■ **Input for this task**:
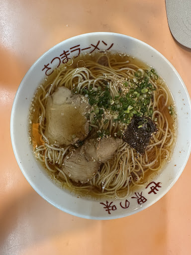 Read more武雄市下西山、国道35号線沿いにあるラーメン屋です。店内はカウンター席と小上がり席で十数人分といった小さなお店です。駐車スペースは店舗の東側に数台分確保されています。さて「ラーメン」ですが、今回は基本の「とんこつ味」を頂きました。あっさり円やかな食感が特徴の白濁系とんこつスープとなっています。麺は中太ストレート麺が使用されており、ツルツルとした食感が心地よいです。具はチャーシュー、海苔、ゴマ、ネギといった構成の一杯です。大盛り対応あり、替え玉制なしとなっています。ラーメンのバリエーションは「味噌味」「醤油味」も用意されており、それぞれトッピング違いの数種類が提供されています。その他の麺類は「ちゃんぽん」「焼きそば」程度、サイドメニューは「やきめし」「餃子」「めし」等があります。また、セットメニューは「ラーメン」と「やきめし」の組み合わせのセットがランチタイム限定で存在しています。 こちらのお店は、「世界の味」をキャッチフレーズとし、大分県に本部を置く「さつまラーメン」の武雄店となります。武雄の地に開業して約40年、気さくな老夫婦二人で営まれるこのお店も、後継者もなくこのまま静かに消え行く運命だそうです。また行くので、いつまでも...
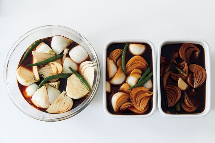 新玉ねぎは縦6等分のくし形切りにする。にんにくは縦半分に切ってしんを取る。大きめの保存容器に〈漬け汁〉の材料を混ぜ、新玉ねぎを加える。室温に一晩置く。
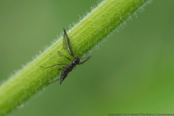 This little gnat (midge? something else? I can’t see the antennae) was the smallest insect victim I found. If you click on this photo you can zoom in and see the droplets on the tips of the hairs.
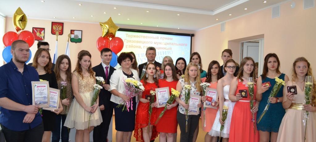 30 июня прошел торжественный прием главы Грязовецкого района, на котором чествовали отличившихся в учении ребят: медалистов, выпускников, получивших высокие баллы во время итоговой аттестации, и студентов, окончивших Грязовецкий техникум с отличием. Из 117 выпускников средних школ района 11 стали медалистами. С напутственными словами и трогательными поздравлениями обратились к выпускникам, родителям и педагогам глава района М.А.Лупандин и начальник Управления образования Т.А.Патракеева. Концертные номера стали украшением праздника.
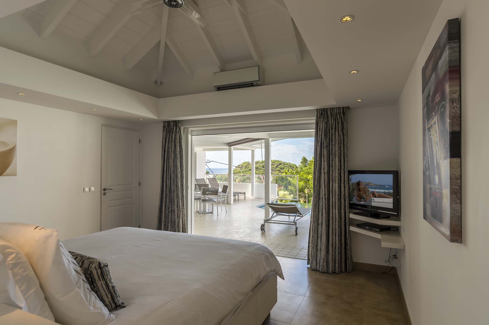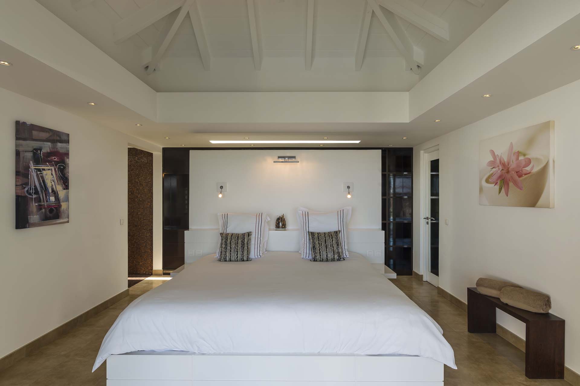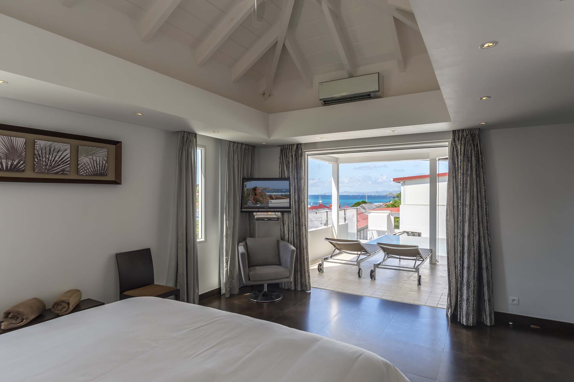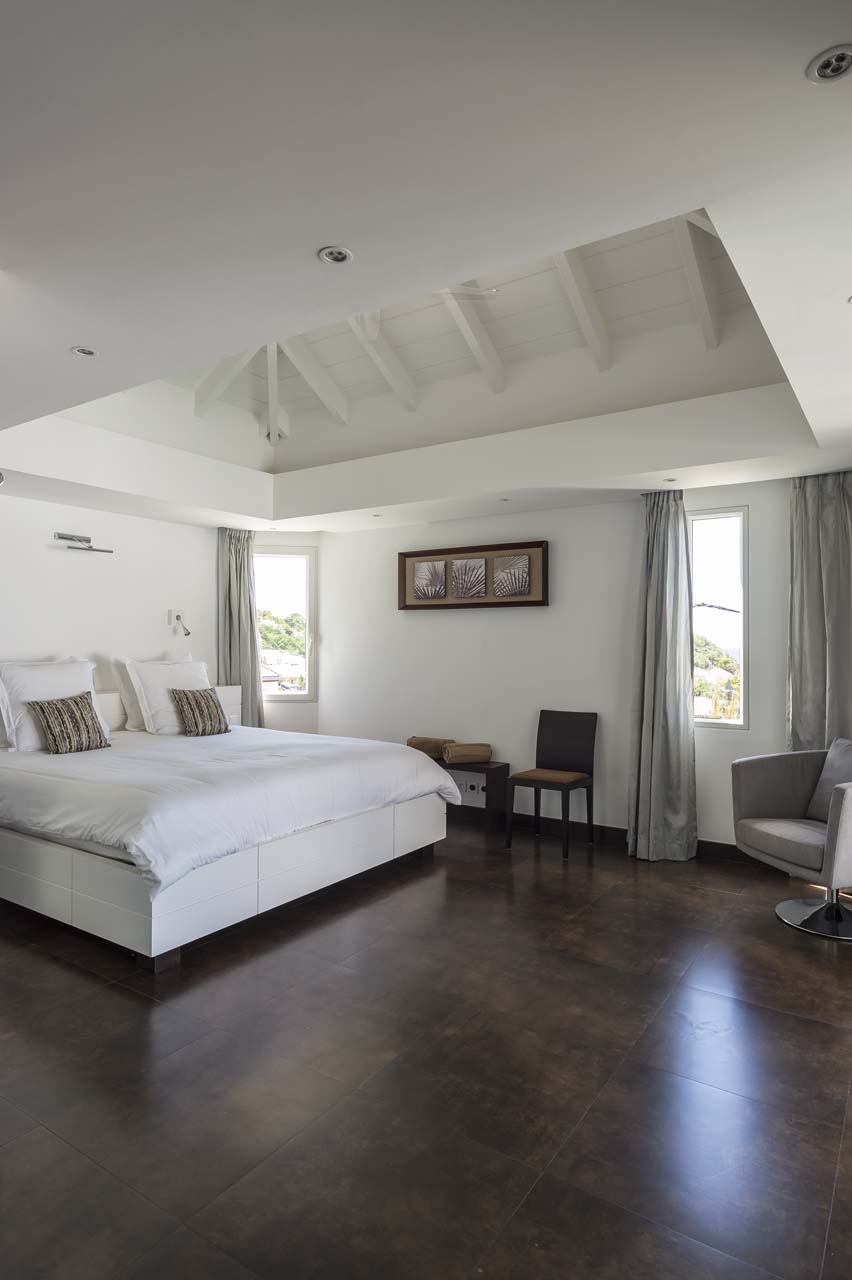 Les deux chambres, de taille égale et de chaque côté du salon, s’ouvrent toutes deux sur le port de Gustavia.
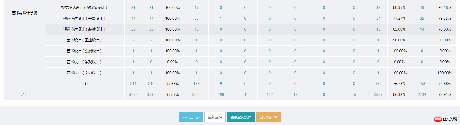 统计查询的结果,点击数字或者百分比能够显示详细的数据;

■ **Exercise instructions**: The entries should be printed again exactly as written, leaving all pictures out.

■ **Exercise response**:
 Read more武雄市下西山、国道35号線沿いにあるラーメン屋です。店内はカウンター席と小上がり席で十数人分といった小さなお店です。駐車スペースは店舗の東側に数台分確保されています。さて「ラーメン」ですが、今回は基本の「とんこつ味」を頂きました。あっさり円やかな食感が特徴の白濁系とんこつスープとなっています。麺は中太ストレート麺が使用されており、ツルツルとした食感が心地よいです。具はチャーシュー、海苔、ゴマ、ネギといった構成の一杯です。大盛り対応あり、替え玉制なしとなっています。ラーメンのバリエーションは「味噌味」「醤油味」も用意されており、それぞれトッピング違いの数種類が提供されています。その他の麺類は「ちゃんぽん」「焼きそば」程度、サイドメニューは「やきめし」「餃子」「めし」等があります。また、セットメニューは「ラーメン」と「やきめし」の組み合わせのセットがランチタイム限定で存在しています。 こちらのお店は、「世界の味」をキャッチフレーズとし、大分県に本部を置く「さつまラーメン」の武雄店となります。武雄の地に開業して約40年、気さくな老夫婦二人で営まれるこのお店も、後継者もなくこのまま静かに消え行く運命だそうです。また行くので、いつまでも...
 新玉ねぎは縦6等分のくし形切りにする。にんにくは縦半分に切ってしんを取る。大きめの保存容器に〈漬け汁〉の材料を混ぜ、新玉ねぎを加える。室温に一晩置く。
 This little gnat (midge? something else? I can’t see the antennae) was the smallest insect victim I found. If you click on this photo you can zoom in and see the droplets on the tips of the hairs.
 30 июня прошел торжественный прием главы Грязовецкого района, на котором чествовали отличившихся в учении ребят: медалистов, выпускников, получивших высокие баллы во время итоговой аттестации, и студентов, окончивших Грязовецкий техникум с отличием. Из 117 выпускников средних школ района 11 стали медалистами. С напутственными словами и трогательными поздравлениями обратились к выпускникам, родителям и педагогам глава района М.А.Лупандин и начальник Управления образования Т.А.Патракеева. Концертные номера стали украшением праздника.
 Les deux chambres, de taille égale et de chaque côté du salon, s’ouvrent toutes deux sur le port de Gustavia.
 统计查询的结果,点击数字或者百分比能够显示详细的数据;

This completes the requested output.